Crisi e ambiente, i costi della salute

Pochi investimenti sull’ambiente e aumentano i costi sulla salute, il New Energy Finance dimostra che gli Stati devono spendere di più

La crisi danneggia l’ambiente.  Gli analisti del New Energy Finance (NEF) dal summit Global Futures 2009 di Londra, infatti, hanno fatto due conti ed hanno valutato i costi indiretti della crisi giungendo a delle conclusioni spiazzanti.
ambiente

Fra gli shadow costs (costi ombra) più perniciosi e beffardi, infatti, vi sarebbero quelli legati alla diminuzione degli investimenti sulle altre fonti di energia. Gli investimenti, infatti, in questo momento sembrano seguire delle logiche di economicità di breve durata: di fronte alle esigenze di contenere i costi, le economie stanno puntando nuovamente ed in modo massiccio sul petrolio.

Allo stato attuale, infatti, le energie rinnovabili offrono delle prestazioni efficienti nella lunga durata, giacché nel breve periodo bisogna fare fronte agli ingenti costi sulla ricerca che, ovviamente, diminuiscono nel tempo. Il petrolio, invece, è apparentemente – cioè ora – meno costoso. Soltanto che l’inquinamento prodotto dal combustibile fossile, nella lunga durata genera ingenti esternalità negative; ovvero, comporta dei costi indiretti legati alla distruzione dell’ambiente e ai danni che la raffinazione del petrolio causa alla salute umana.

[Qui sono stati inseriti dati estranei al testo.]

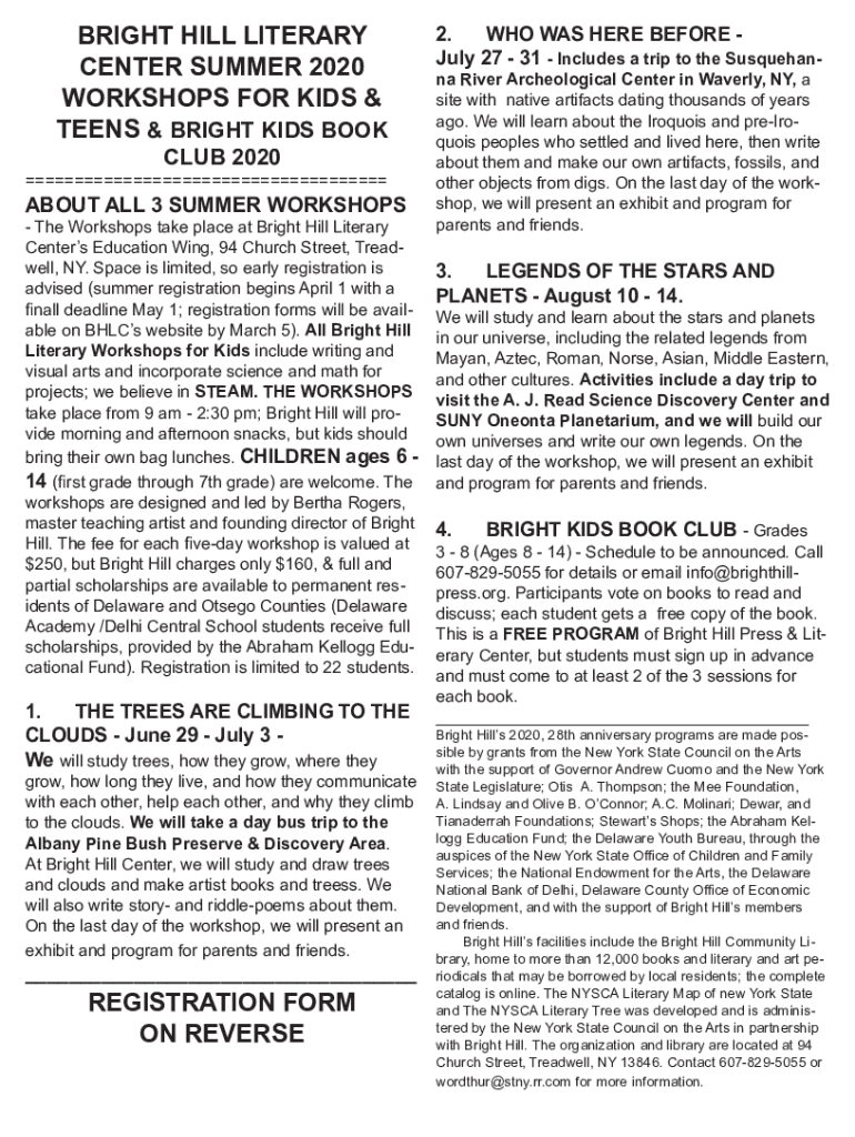 BRIGHT HILL LITERARY CENTER SUMMER 2020 WORKSHOPS FOR KIDS & TEENS & BRIGHT KIDS BOOK CLUB 2020ABOUT ALL 3 SUMMER WORKSHOPS The Workshops take place at Bright Hill Literary Centers Education Wing,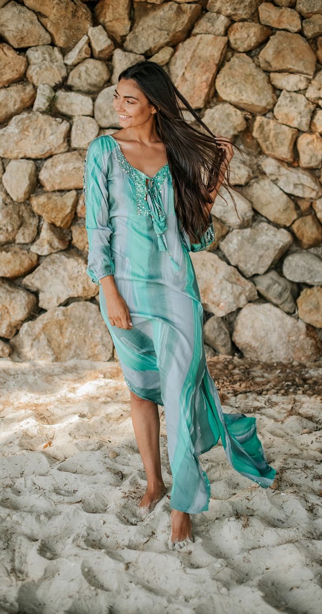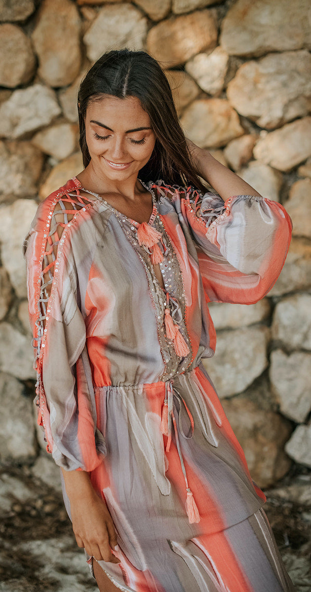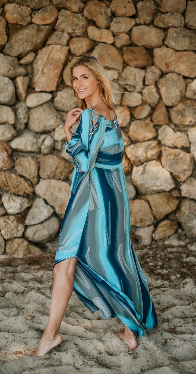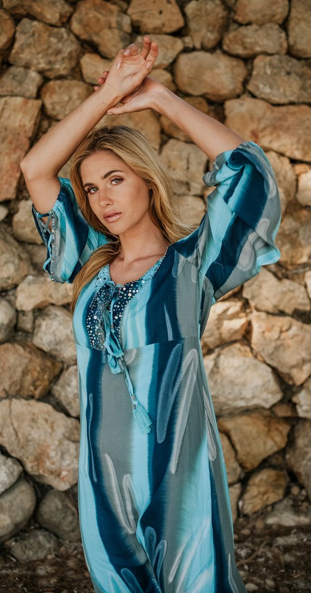 Avvolgiti con stile nella tunica lunga Leda. Questo abito lungo trasuda eleganza e classe. Realizzato con il più morbido tessuto di rayon, dipinto a mano con un motivo batik originale HCI.

Il report del NEF stima che l’impatto della recessione sulle emissioni di CO2 sarà pari a circa un miliardo di tonnellate per anno.

Quello che sta accadendo alla ricerca sulle rinnovabili è un fenomeno ben noto agli economisti, studiato dal Mancur Olson nella teoria dei giochi. Secondo Olson, senza una struttura terza che incentiva gli atteggiamenti virtuosi di lunga durata – veramente economici – gli attori puntano su di un comportamento apparentemente razionale (risparmiare), che nella lunga durata genera esiti collettivi disastrosi.

In pratica, nel mercato della ricerca, solo lo Stato può incidere in modo significativo al fine di ottenere una riduzione della Co2. Invece, gli Stati nazionali stanno spendendo circa 150 miliardi di dollari, per il 2008, mentre la cifra ottimale si attesta intorno ai 500 miliardi annui, fino al 2020. Con questa cifra, siamo in grado di implementare politiche energetiche realmente efficienti, basate sulle rinnovabili.

Michael Liebreich, dello staff del NEF, ha, infatti dichiarato all’Ansa che “se non si corre subito ai ripari, è impensabile credere di riuscire a ridurre le emissioni di CO2 a partire dal 2020”. L’economia, in questo caso, proprio come il buon senso, ci dimostra che un certo tipo di risparmio può essere solo un cattivo affare.